Monday, Jul. 21, 1947

"Get a Move On, Boy!"

Ohio's dignified Senator John Bricker walked briskly toward the tiled subway under the Senate Office Building. With him was J. H. Macomber, Expenditures Committee clerk. As they approached the little monorail, open-top trolley that trundles Senators to the Capitol, a shot split the air. Bricker and Macomber whirled. About 15 steps behind them, they saw a grey, sharp-faced little man frantically breaking open a smoking, single-shot target pistol to reload.

Bricker and Macomber sprinted for the car. Roared the Senator: "Let's get the hell outa here! There's a crazy man back there. . . . Get a move on, boy!"

While Bricker scrunched 215 pounds down as far as he could, the driver gave the car full lever.
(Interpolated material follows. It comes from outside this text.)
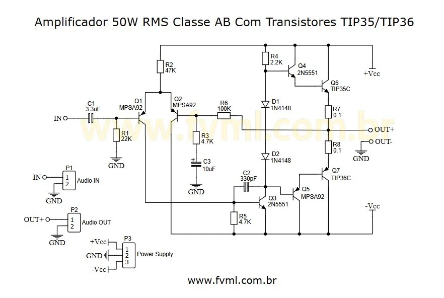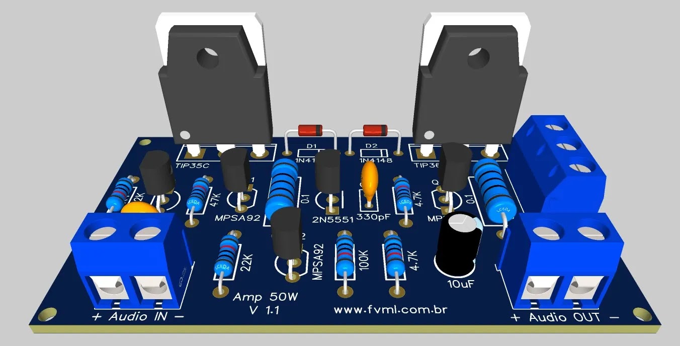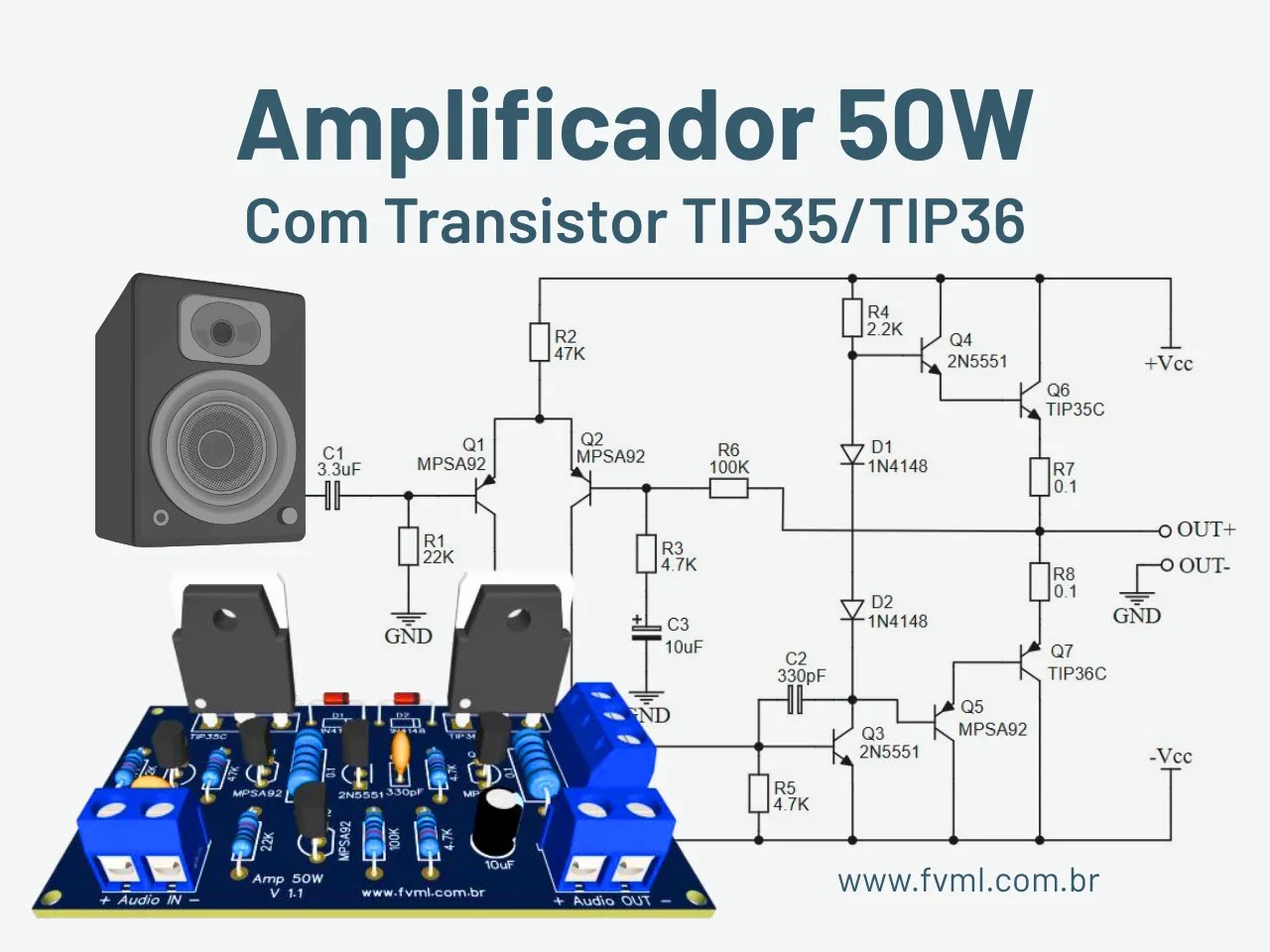Amplificador 50W RMS Classe AB Com Transistores TIP35/TIP36 + PCI

It started off at 5 m.p.h. The Senator took a quick look back, let go a stentorian "Watch it!" and ducked again as a second shot cracked out. Again, the little man missed.

When the car reached the Capitol stop, Senator Bricker stepped shakily out, took the elevator upstairs to report to the police. He was not amused by the ribbing colleagues gave him. Said a newsman, explaining the bad marksmanship: "The man obviously did not lead the Senator enough on the second round."
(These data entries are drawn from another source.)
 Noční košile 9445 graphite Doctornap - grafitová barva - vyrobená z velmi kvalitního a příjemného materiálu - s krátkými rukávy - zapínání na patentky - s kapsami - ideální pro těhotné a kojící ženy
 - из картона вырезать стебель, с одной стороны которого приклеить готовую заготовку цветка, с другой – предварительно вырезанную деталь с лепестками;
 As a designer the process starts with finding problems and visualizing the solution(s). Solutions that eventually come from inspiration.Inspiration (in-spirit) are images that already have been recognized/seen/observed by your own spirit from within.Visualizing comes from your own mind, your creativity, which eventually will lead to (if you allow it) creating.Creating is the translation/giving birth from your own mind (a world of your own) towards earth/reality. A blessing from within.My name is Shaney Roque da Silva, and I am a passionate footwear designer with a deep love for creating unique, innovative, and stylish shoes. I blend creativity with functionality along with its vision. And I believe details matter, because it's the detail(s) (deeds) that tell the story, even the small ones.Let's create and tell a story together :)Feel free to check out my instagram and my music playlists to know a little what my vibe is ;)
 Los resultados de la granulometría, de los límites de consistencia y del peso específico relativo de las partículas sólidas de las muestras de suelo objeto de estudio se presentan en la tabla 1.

From the Senate Office Building, the would-be assassin walked quietly out into the street. Within two hours police found him, learned that he was an ex-Capitol policeman named William L. Kaiser and fetched him back to be identified by Bricker.

Why had he shot at the Senator? Kaiser fancied that he had three very good reasons: 1) he had been fired from his policeman's job in April and a Bricker appointee had taken his place; 2) when he had been wiped out in the crash of an Ohio building & loan firm 15 years ago, the name of Ohio's then Attorney General, John Bricker, had appeared on all the papers that spelled his financial ruin; 3) Bricker had done nothing to help him get his job or his money back.